- **SUPPLIED ENTRIES**:
==========

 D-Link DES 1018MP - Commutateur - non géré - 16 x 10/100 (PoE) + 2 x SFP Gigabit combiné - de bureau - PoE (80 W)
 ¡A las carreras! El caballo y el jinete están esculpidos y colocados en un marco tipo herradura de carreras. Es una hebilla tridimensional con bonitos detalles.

==========

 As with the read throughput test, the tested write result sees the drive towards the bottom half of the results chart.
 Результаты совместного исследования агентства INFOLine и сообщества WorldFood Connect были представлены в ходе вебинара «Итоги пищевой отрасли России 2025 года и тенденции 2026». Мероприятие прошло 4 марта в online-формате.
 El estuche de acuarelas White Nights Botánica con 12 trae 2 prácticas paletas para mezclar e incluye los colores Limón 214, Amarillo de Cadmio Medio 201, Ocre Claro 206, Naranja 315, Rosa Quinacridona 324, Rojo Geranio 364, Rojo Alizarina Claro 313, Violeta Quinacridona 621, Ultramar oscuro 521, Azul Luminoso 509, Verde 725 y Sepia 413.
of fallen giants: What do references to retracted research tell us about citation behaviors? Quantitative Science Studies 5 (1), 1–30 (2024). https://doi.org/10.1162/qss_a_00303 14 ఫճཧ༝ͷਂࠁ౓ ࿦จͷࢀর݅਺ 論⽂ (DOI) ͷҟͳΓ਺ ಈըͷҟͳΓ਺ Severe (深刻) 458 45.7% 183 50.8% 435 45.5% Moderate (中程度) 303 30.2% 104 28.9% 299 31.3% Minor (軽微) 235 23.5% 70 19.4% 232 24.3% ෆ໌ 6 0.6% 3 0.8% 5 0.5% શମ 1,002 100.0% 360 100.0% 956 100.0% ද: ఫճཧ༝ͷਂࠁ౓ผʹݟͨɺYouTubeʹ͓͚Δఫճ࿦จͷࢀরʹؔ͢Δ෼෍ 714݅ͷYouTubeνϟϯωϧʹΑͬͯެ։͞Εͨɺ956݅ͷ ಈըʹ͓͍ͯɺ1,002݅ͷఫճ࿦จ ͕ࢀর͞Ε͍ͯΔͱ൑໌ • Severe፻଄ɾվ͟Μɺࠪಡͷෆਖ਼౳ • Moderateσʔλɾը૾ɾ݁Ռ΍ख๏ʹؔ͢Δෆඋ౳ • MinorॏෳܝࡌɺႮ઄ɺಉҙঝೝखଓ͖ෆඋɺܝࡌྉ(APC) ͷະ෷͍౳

==========

- **WORK INSTRUCTIONS**: There is a run of lines above from the one with "D-Link DES 1018MP" to the one with "con bonitos detalles."; print exactly that run, both ends included, and nothing else.

- **RESPONSE BELOW**:
 D-Link DES 1018MP - Commutateur - non géré - 16 x 10/100 (PoE) + 2 x SFP Gigabit combiné - de bureau - PoE (80 W)
 ¡A las carreras! El caballo y el jinete están esculpidos y colocados en un marco tipo herradura de carreras. Es una hebilla tridimensional con bonitos detalles.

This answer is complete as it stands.